* **Extracted records**:
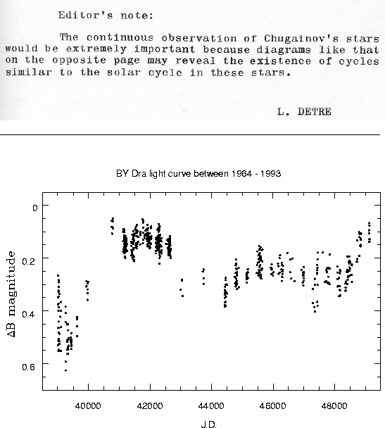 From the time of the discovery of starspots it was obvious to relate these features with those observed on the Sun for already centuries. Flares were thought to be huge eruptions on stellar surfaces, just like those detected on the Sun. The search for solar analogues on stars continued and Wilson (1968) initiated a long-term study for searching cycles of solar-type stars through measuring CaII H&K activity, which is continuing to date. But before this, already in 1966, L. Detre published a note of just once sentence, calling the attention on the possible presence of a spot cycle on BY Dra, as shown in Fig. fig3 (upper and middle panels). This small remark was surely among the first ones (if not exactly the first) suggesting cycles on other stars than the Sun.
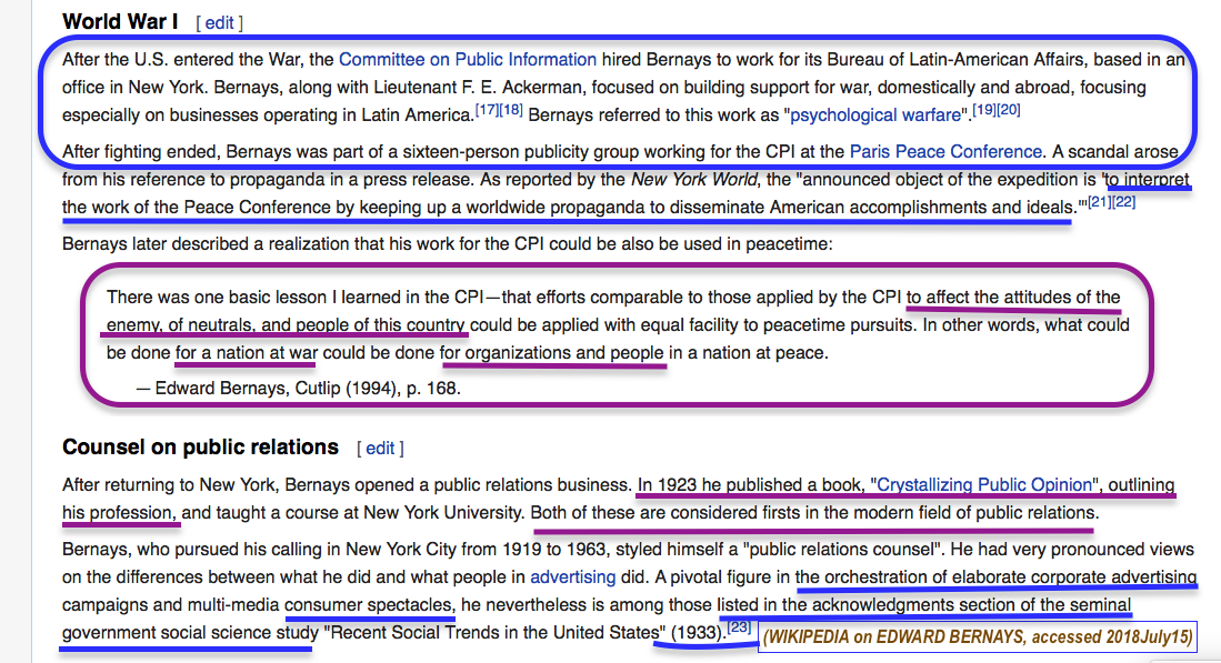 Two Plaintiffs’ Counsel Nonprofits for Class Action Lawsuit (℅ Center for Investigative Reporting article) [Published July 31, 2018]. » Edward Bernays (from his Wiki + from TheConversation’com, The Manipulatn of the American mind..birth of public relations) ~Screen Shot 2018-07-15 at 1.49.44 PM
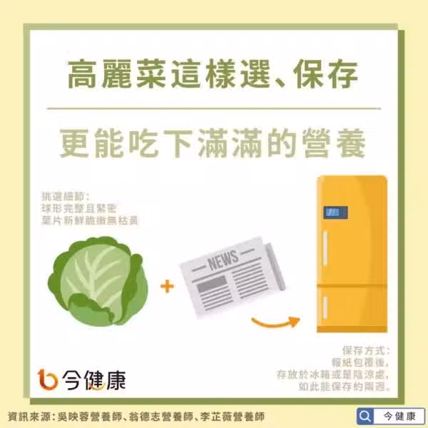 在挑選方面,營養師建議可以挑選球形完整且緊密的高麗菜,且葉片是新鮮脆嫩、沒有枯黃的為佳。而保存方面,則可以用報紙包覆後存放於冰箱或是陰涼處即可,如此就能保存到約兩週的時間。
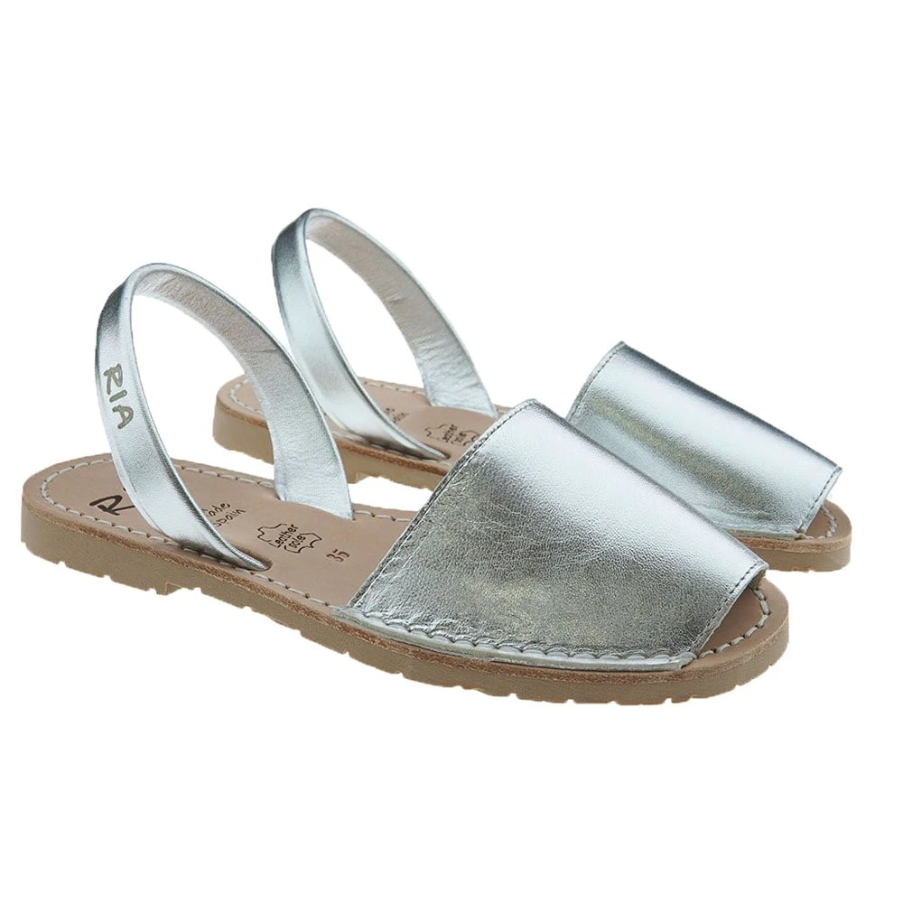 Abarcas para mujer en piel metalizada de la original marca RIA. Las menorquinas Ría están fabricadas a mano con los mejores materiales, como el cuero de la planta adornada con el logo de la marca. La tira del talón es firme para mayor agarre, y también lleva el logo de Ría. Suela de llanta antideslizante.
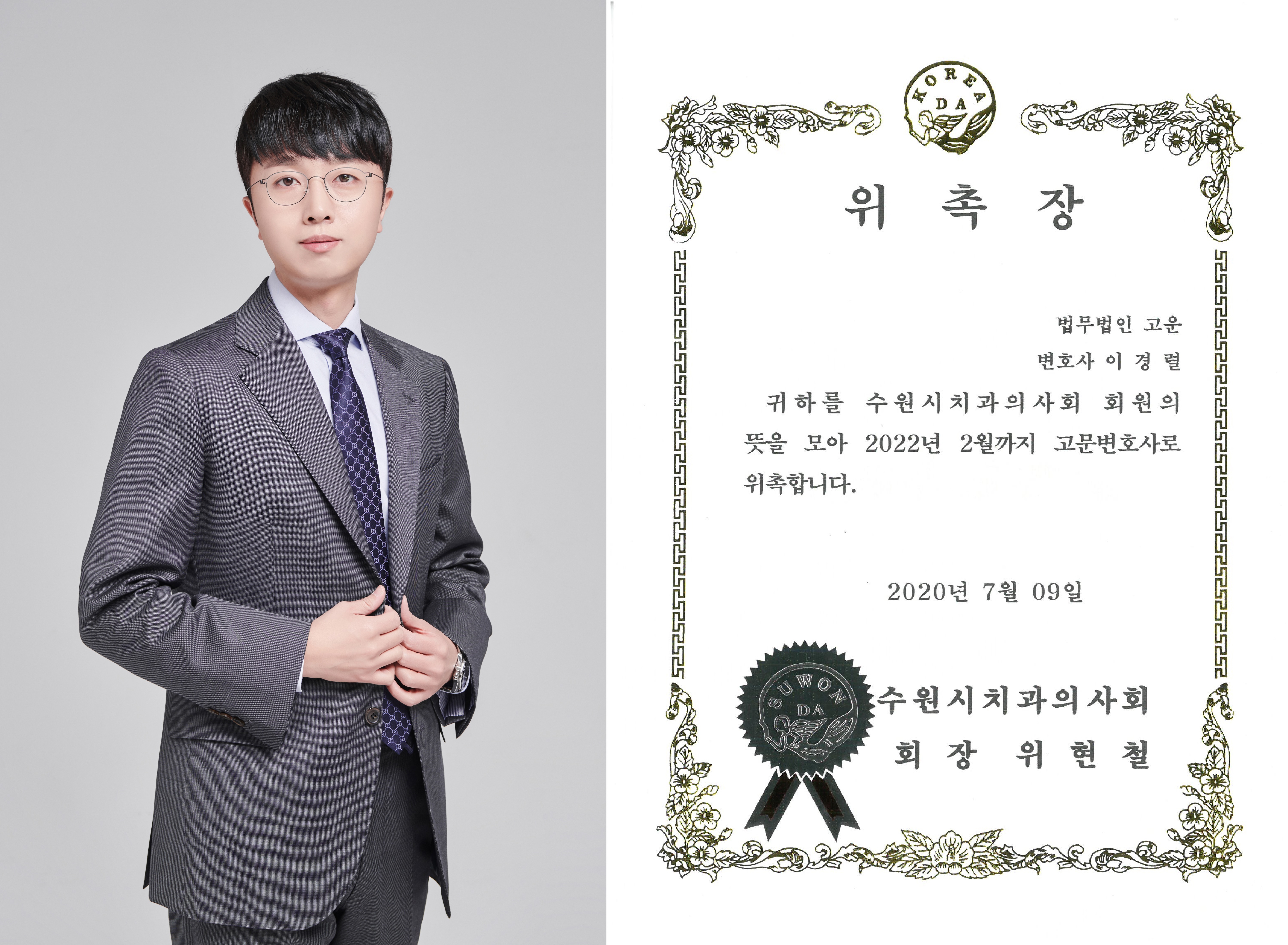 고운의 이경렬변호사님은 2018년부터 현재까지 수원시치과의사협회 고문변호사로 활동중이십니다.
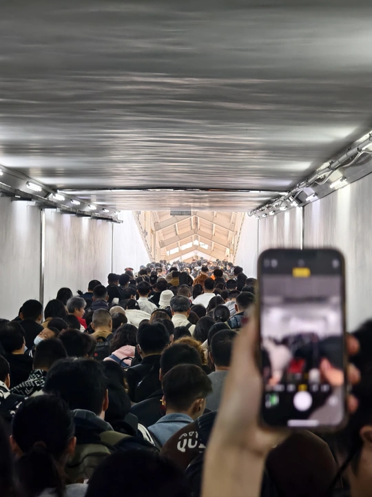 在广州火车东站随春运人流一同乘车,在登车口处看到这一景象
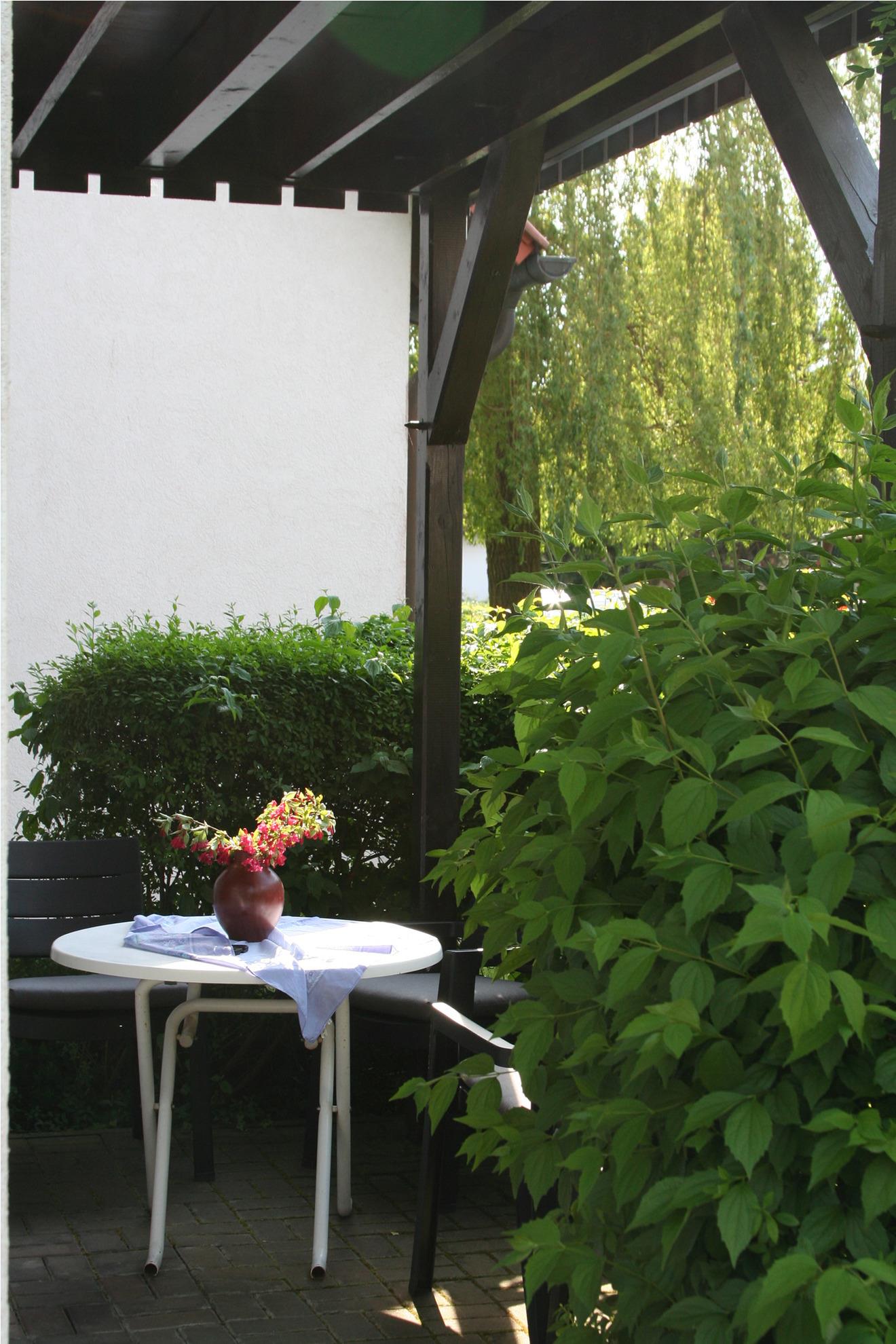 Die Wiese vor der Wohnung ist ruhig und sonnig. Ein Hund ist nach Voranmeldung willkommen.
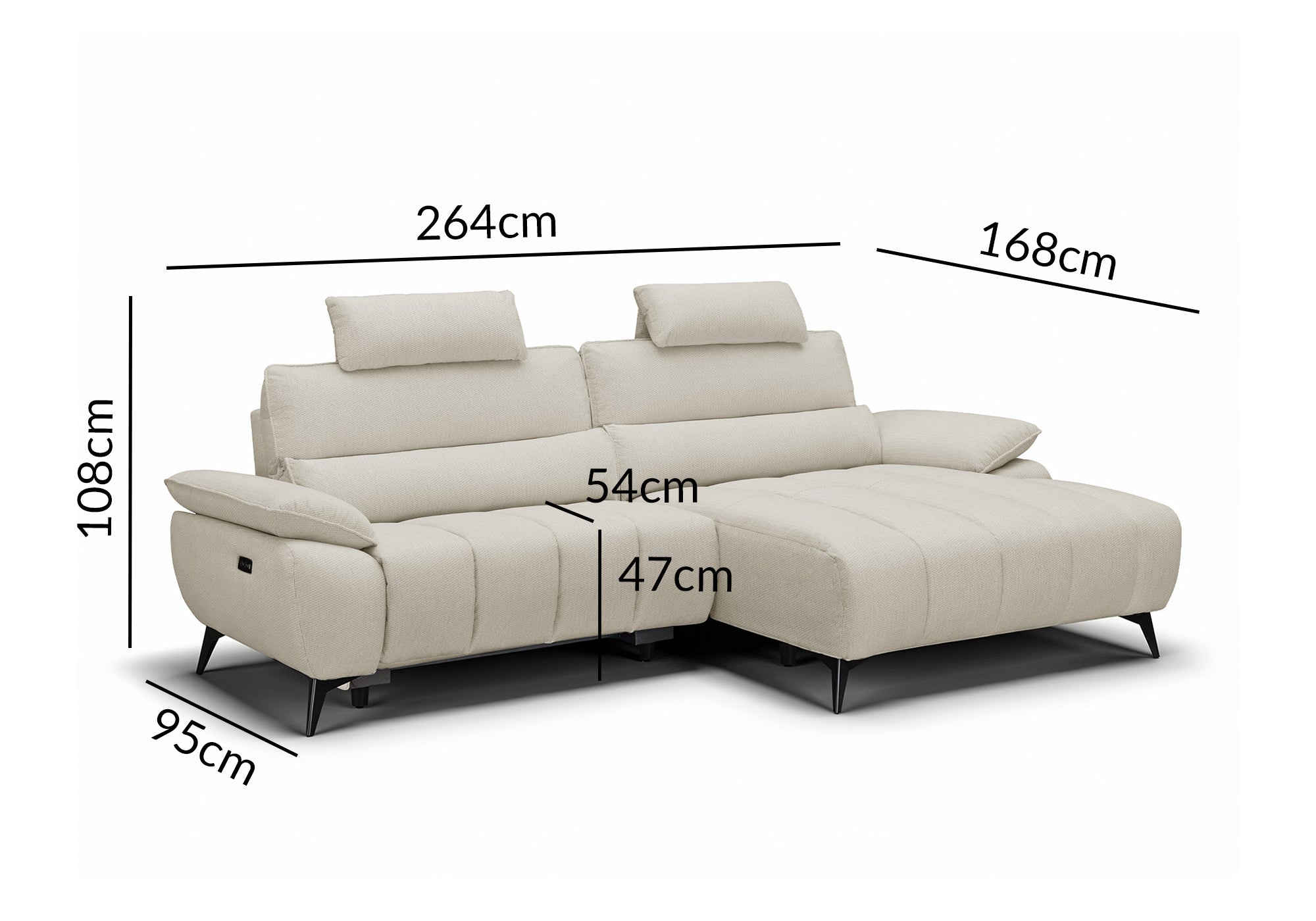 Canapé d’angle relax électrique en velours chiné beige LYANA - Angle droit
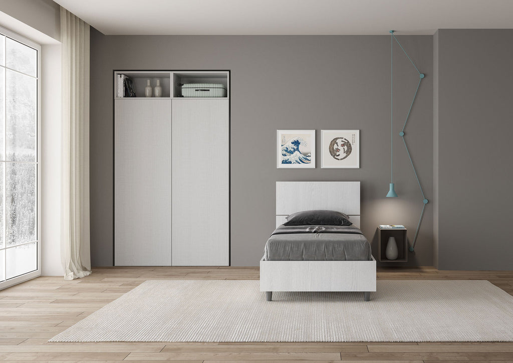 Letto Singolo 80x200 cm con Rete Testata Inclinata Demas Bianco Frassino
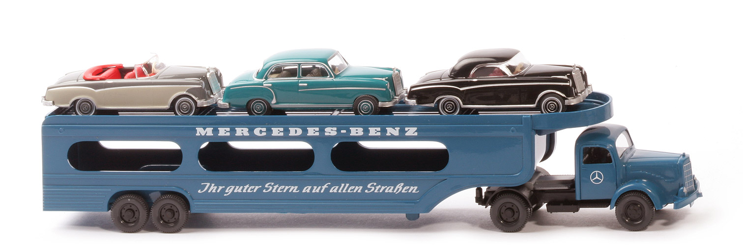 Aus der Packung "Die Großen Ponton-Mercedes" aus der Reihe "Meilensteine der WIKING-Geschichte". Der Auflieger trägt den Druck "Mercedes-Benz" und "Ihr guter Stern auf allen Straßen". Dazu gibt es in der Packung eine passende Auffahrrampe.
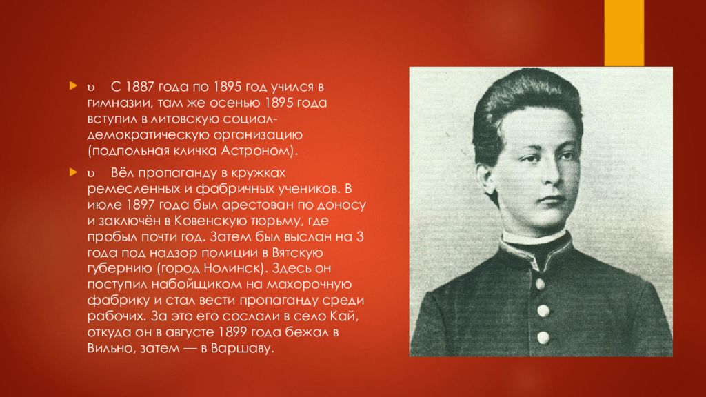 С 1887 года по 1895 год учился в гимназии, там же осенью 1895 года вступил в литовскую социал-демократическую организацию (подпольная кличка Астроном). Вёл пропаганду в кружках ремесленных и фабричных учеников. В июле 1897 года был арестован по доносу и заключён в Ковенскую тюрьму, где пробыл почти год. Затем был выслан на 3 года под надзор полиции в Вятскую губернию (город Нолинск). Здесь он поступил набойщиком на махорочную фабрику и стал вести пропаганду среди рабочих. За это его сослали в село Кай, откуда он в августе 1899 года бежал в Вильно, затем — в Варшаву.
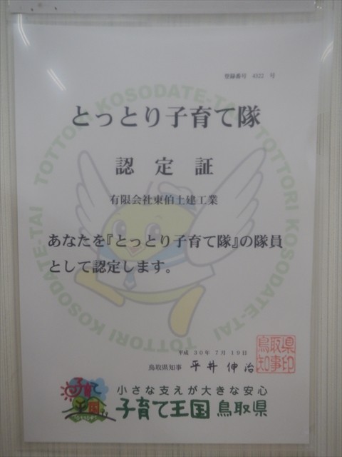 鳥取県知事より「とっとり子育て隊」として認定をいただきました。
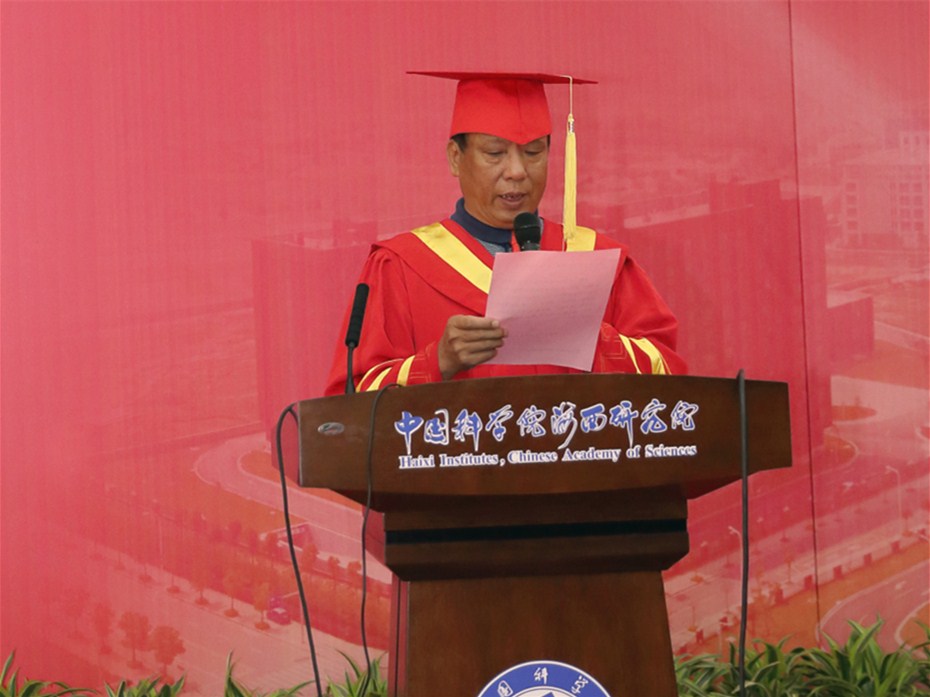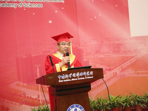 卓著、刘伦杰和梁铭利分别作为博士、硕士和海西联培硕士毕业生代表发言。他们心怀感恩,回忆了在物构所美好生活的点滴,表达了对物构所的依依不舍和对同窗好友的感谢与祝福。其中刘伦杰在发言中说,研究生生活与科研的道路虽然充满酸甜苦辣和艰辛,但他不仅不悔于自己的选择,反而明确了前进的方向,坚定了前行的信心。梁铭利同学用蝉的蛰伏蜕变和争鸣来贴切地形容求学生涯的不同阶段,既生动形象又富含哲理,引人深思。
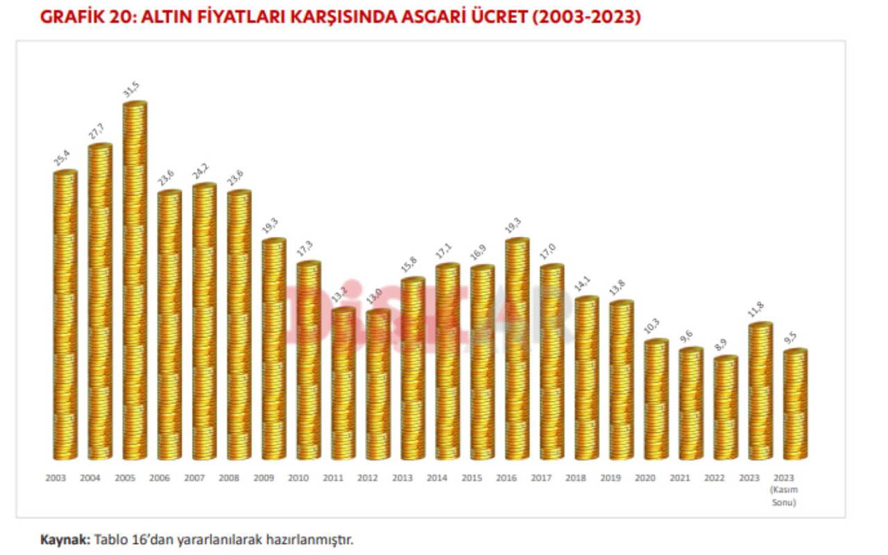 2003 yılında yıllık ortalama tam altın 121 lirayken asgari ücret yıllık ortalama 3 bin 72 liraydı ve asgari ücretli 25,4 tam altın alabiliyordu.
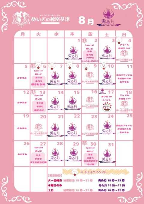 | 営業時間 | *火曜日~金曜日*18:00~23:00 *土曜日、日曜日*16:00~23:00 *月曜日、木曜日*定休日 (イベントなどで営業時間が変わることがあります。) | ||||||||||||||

* **How to complete this task**: Set the pictures aside and transcribe exactly the stretch of lines above, beginning with the one holding "고운의 이경렬변호사님은 2018년부터" and ending with the one holding "Aus der Packung".

* **Answer section**:
 고운의 이경렬변호사님은 2018년부터 현재까지 수원시치과의사협회 고문변호사로 활동중이십니다.
 在广州火车东站随春运人流一同乘车,在登车口处看到这一景象
 Die Wiese vor der Wohnung ist ruhig und sonnig. Ein Hund ist nach Voranmeldung willkommen.
 Canapé d’angle relax électrique en velours chiné beige LYANA - Angle droit
 Letto Singolo 80x200 cm con Rete Testata Inclinata Demas Bianco Frassino
 Aus der Packung "Die Großen Ponton-Mercedes" aus der Reihe "Meilensteine der WIKING-Geschichte". Der Auflieger trägt den Druck "Mercedes-Benz" und "Ihr guter Stern auf allen Straßen". Dazu gibt es in der Packung eine passende Auffahrrampe.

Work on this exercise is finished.